[Opening DATA RECORDS section]

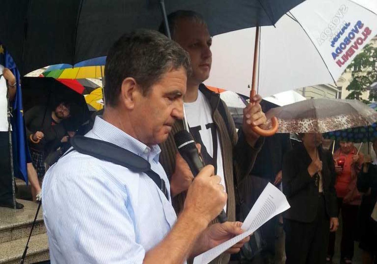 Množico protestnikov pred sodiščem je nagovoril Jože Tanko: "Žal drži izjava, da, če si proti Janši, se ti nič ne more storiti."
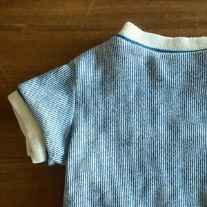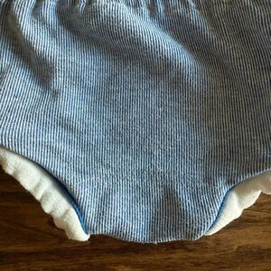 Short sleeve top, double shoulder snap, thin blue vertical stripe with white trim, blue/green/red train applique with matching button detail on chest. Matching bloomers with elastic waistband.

[Closing DATA RECORDS section]
[Opening DATA RECORDS section]

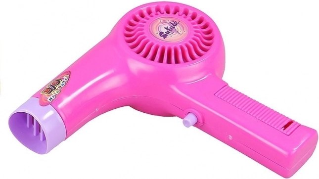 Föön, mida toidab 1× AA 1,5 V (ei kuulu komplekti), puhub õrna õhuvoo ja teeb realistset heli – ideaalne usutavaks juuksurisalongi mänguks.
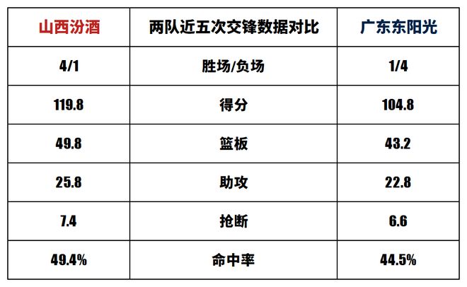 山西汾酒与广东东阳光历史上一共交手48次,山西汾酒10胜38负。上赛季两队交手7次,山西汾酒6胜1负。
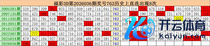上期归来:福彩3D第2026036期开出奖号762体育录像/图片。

[Closing DATA RECORDS section]
[Opening DATA RECORDS section]

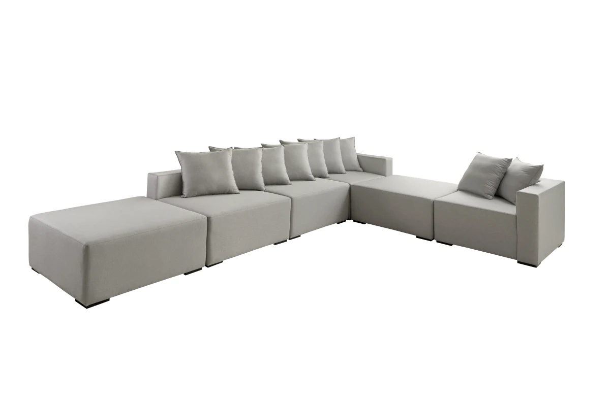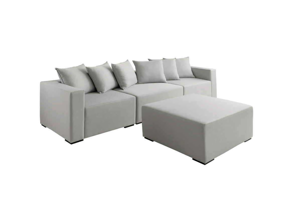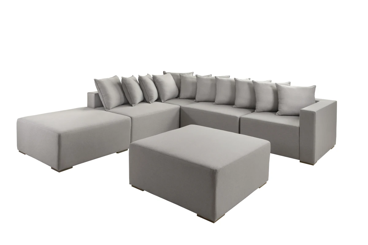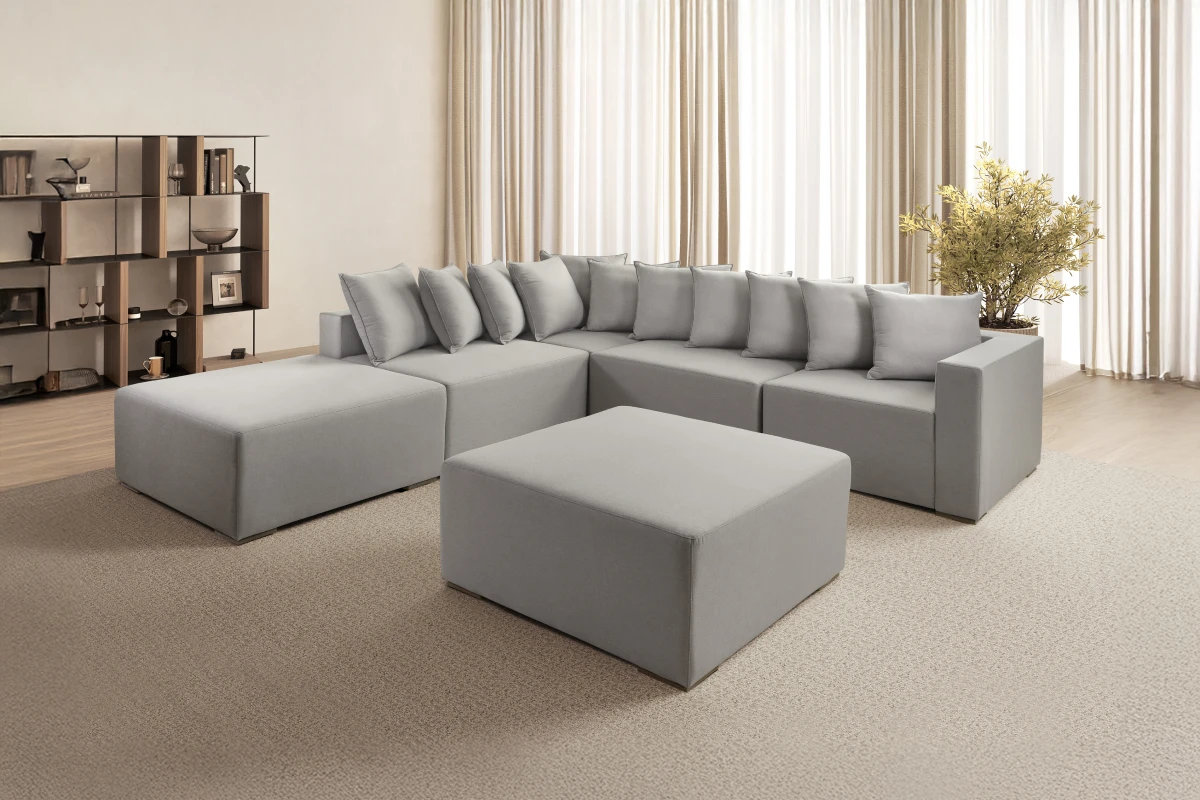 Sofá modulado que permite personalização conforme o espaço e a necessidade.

[Closing DATA RECORDS section]

◆ **WHAT TO WORK ON**: Reproduce the lines above starting at the one with "Množico protestnikov pred" and ending at the one with "Short sleeve top, double", both included, exactly and with no pictures.

◆ **RESULT**:
 Množico protestnikov pred sodiščem je nagovoril Jože Tanko: "Žal drži izjava, da, če si proti Janši, se ti nič ne more storiti."
 Short sleeve top, double shoulder snap, thin blue vertical stripe with white trim, blue/green/red train applique with matching button detail on chest. Matching bloomers with elastic waistband.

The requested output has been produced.